[WHAT YOU NEED TO DO] Using the listing below, set down exactly the lines from the one that contains "达芙妮请的代言人是当时正当红" through the one that contains "第9世代 10.2インチRetinaディスプレイ 64GB", with no pictures.

[PROVIDED RECORDS]

"""

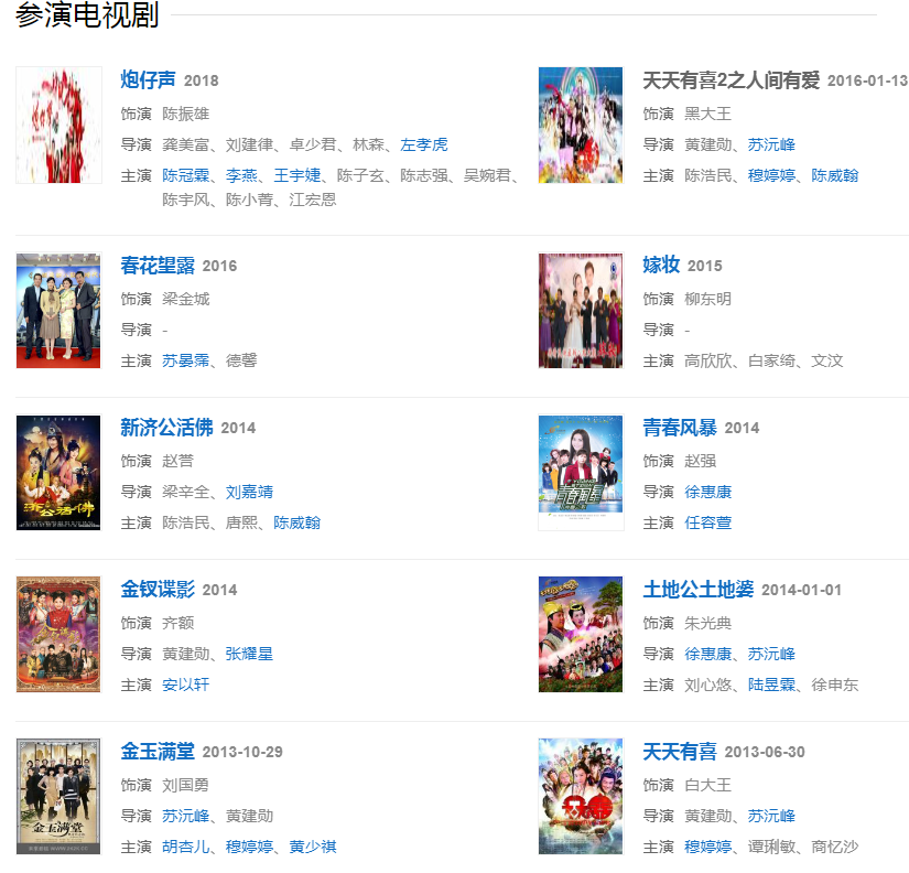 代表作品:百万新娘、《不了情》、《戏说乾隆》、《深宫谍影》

"""
"""

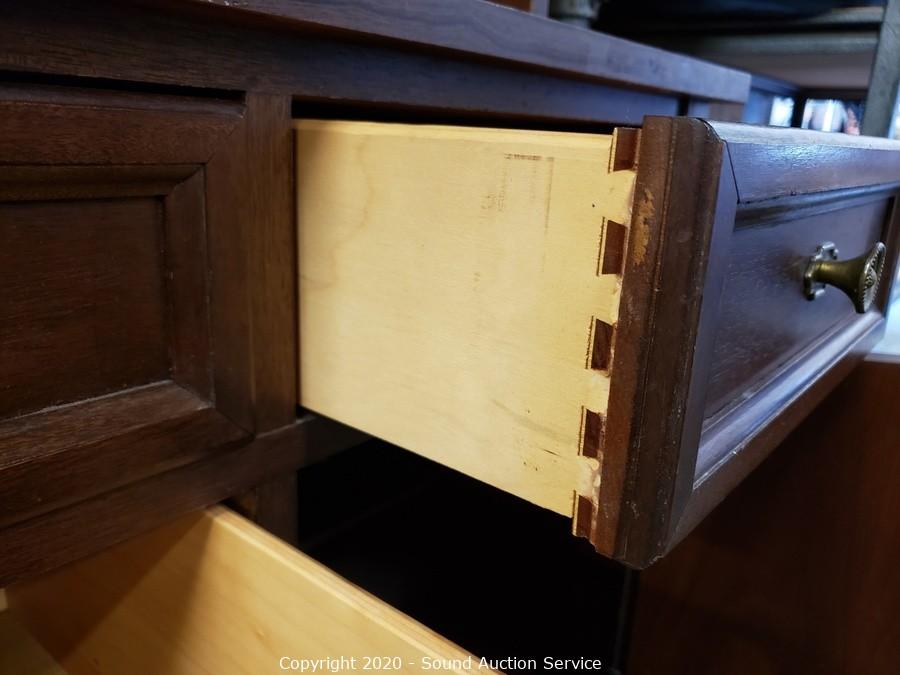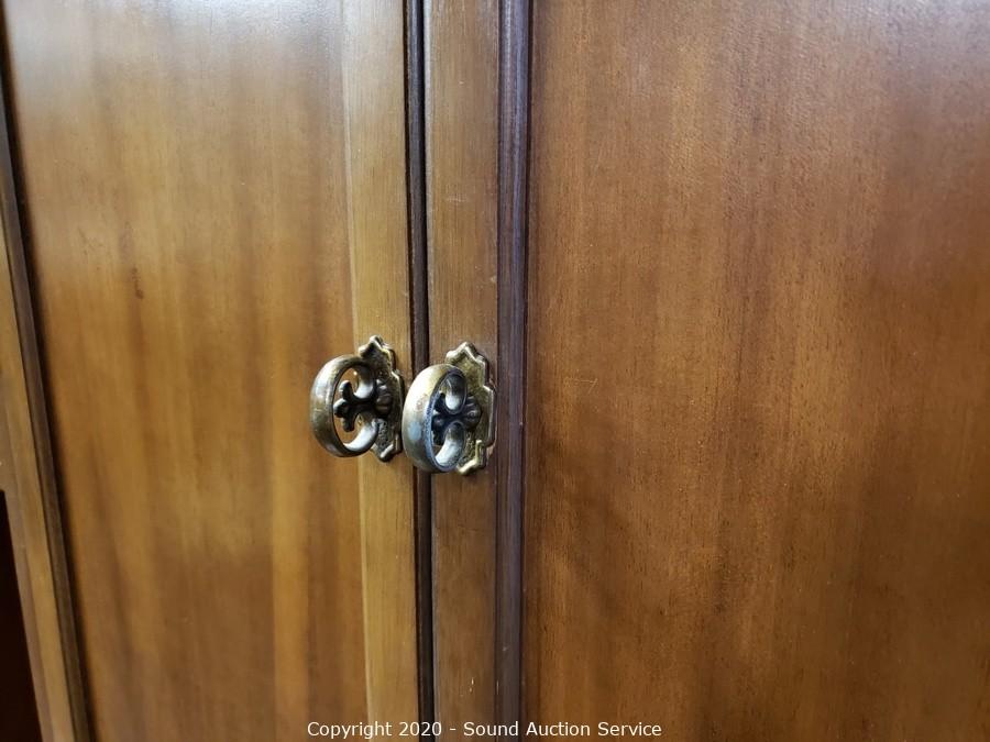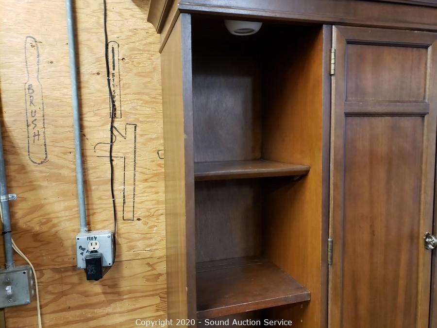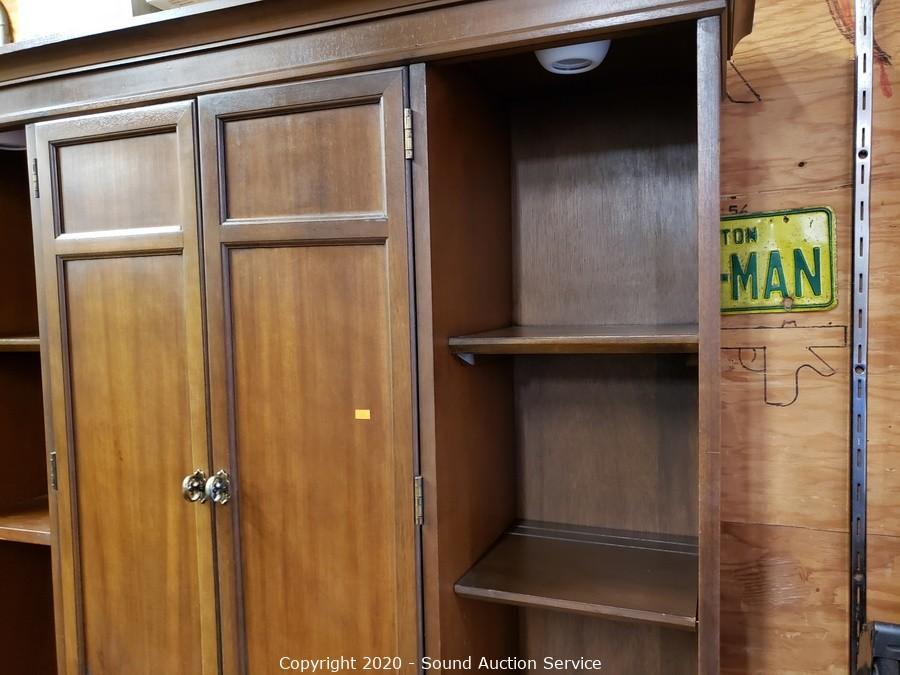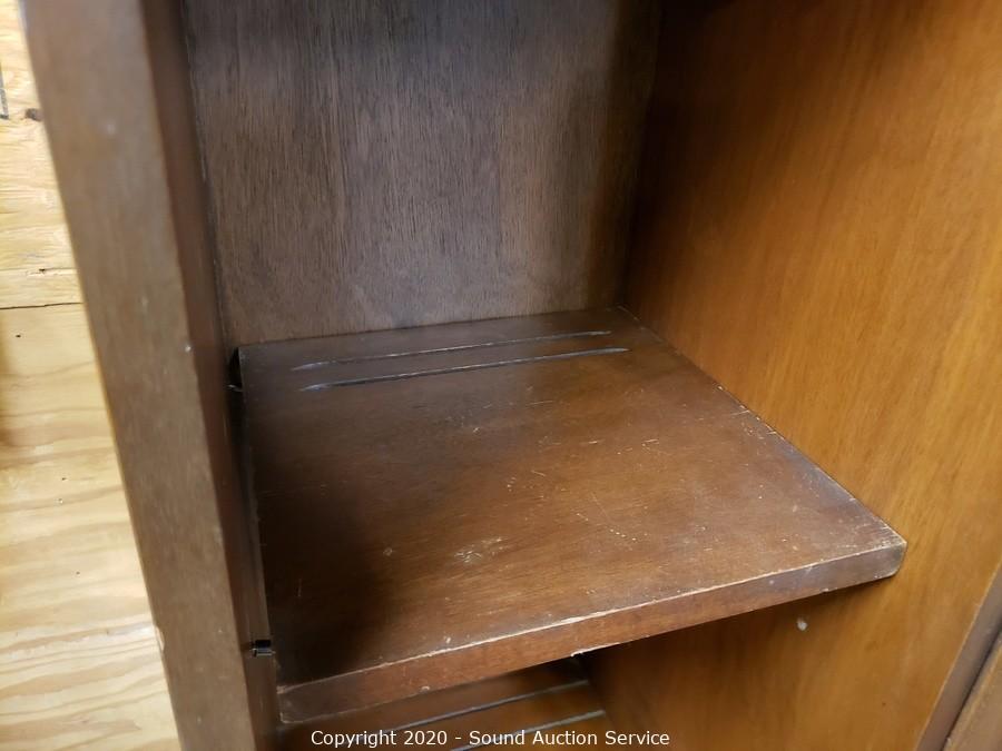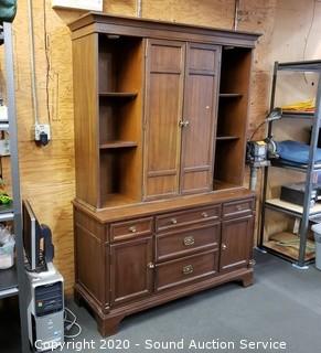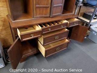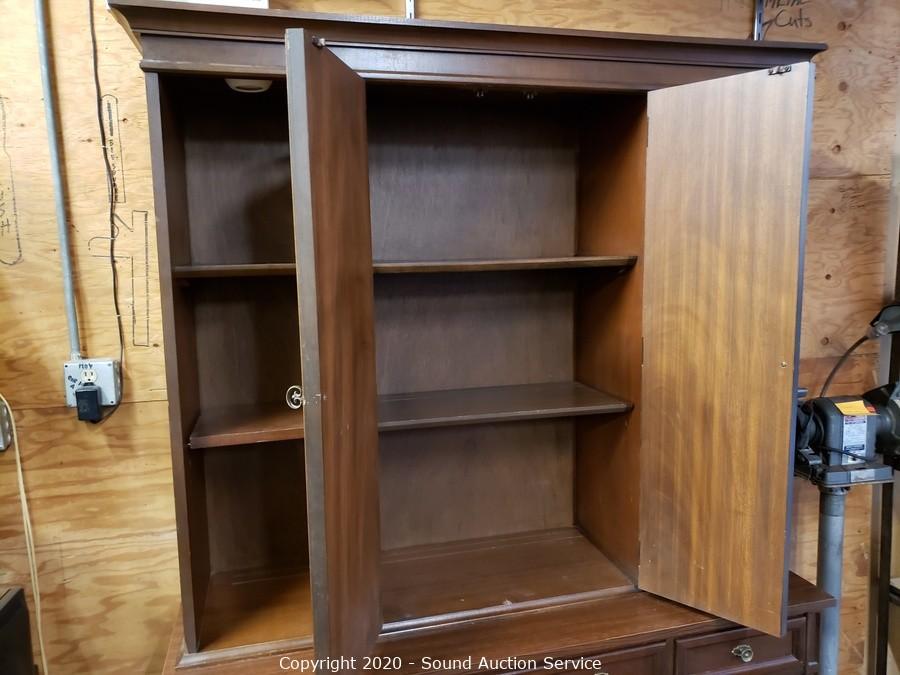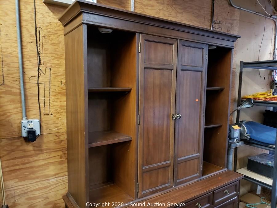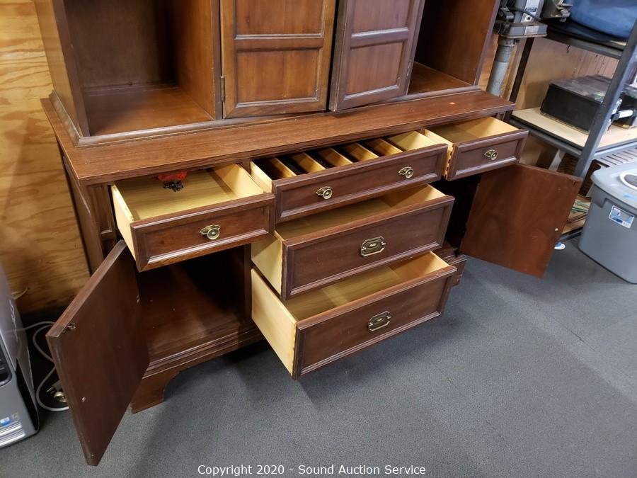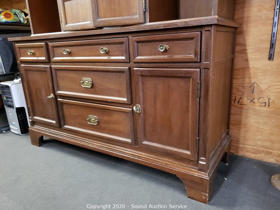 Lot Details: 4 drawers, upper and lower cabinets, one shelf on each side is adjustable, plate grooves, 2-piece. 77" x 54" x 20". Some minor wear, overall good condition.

"""
"""

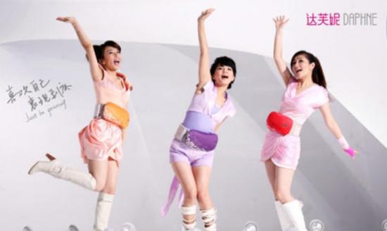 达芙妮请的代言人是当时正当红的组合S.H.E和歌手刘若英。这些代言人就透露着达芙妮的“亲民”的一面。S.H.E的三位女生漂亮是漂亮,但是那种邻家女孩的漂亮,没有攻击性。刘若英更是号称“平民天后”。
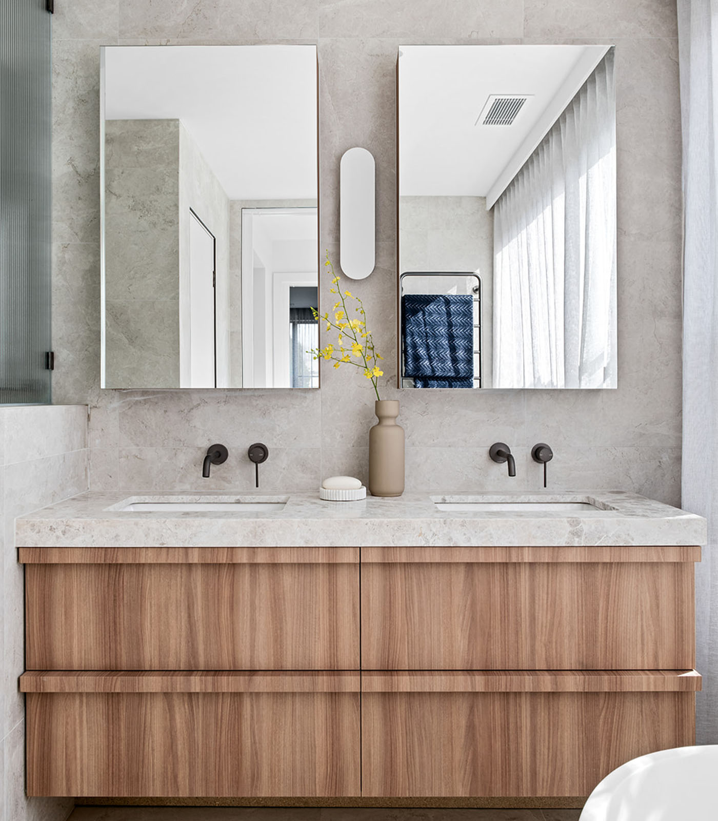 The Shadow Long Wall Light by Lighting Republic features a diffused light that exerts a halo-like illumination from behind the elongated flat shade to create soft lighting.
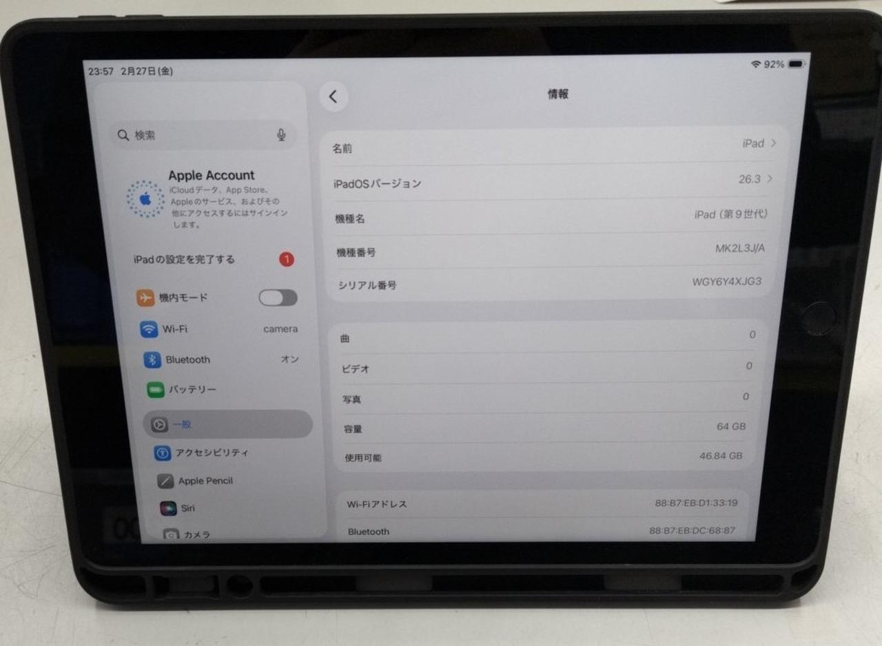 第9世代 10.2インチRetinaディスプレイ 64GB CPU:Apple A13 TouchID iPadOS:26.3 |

"""

[WRITTEN REPLY]
 达芙妮请的代言人是当时正当红的组合S.H.E和歌手刘若英。这些代言人就透露着达芙妮的“亲民”的一面。S.H.E的三位女生漂亮是漂亮,但是那种邻家女孩的漂亮,没有攻击性。刘若英更是号称“平民天后”。
 The Shadow Long Wall Light by Lighting Republic features a diffused light that exerts a halo-like illumination from behind the elongated flat shade to create soft lighting.
 第9世代 10.2インチRetinaディスプレイ 64GB CPU:Apple A13 TouchID iPadOS:26.3 |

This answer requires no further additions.